Milburn’s favourite metric for assessing the high yield market is the ICE Bank of America Merrill Lynch Global High Yield, that excludes energy and CCC-rated companies, where spreads are currently sitting at around 400bp. Anything above that mark represents good value.

Even during a volatile time for corporates Milburn said he would rather buy a longer-dated high yield bond from a quality company than a similarly priced shorter-dated bond from a mediocre company.
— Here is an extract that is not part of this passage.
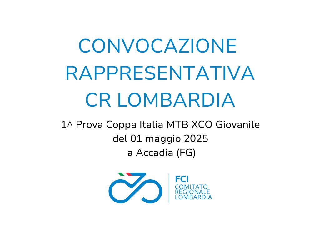 Il Comitato Regionale Lombardia della Federazione Ciclistica Italiana (FCI) ha annunciato la selezione degli atleti che rappresenteranno la regione nella 1^ Prova Coppa Italia MTB XCO Giovanile, gara per in programma l’1 maggio ad Accadia in provincia di Foggia.
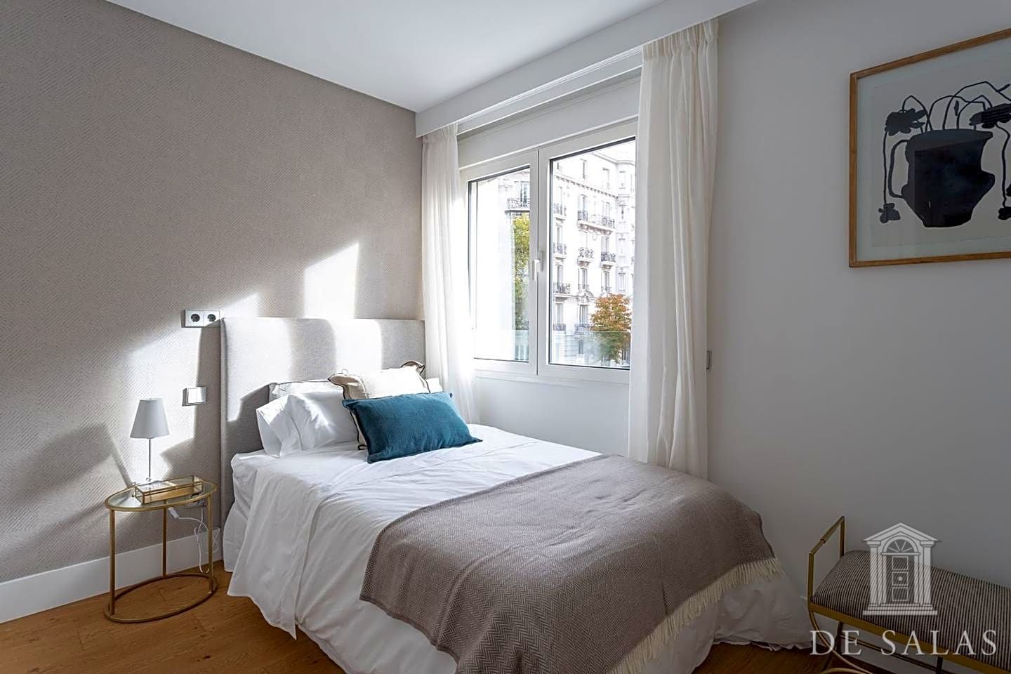 De Salas les presenta esta magnífica vivienda de lujo en Madrid. Edifício rehabilitado completamente. La propiedad se encuentra en la primera planta de un bonito edificio con servicio de portería, acceso universal y con muy buenas zonas comunes. Dispone de gimnasio, zona de bar, sala con Smart TV, sauna y un patio exterior comunitario, zonas verdes.

Over the last year, drawdowns from 1-5 high yield bonds have been in line with the broader market, he notes.

Fed meeting to bring more ‘bond negative’ news for investors

That said duration in the fund is being kept on the low end at 2.5 yearsMilburn has been adding to his Treasury Inflation Protection Securities (TIPS) position, now at 7%, in anticipation of more “bond negative” news from the Federal Reserve’s upcoming meeting in September. 

Milburn thinks there’s a distinct possibility Powell might deliberately try to “run the economy hot” or overshoot its 2% inflation target for a while to make up for lost output. 

This “laissez faire attitude toward inflation” has already been felt in the gold market with prices surging to a record $2,000 an ounce this month.  

“As much as the crisis is clearly disinflationary, the policy reaction to the crisis is inflationary so unsurprisingly, we still don’t think it’s a great environment for bonds,” Milburn said. “We’d still far rather have a bit of extra spread buying corporate bonds, building inflation protection and still avoid government bonds, where possible.”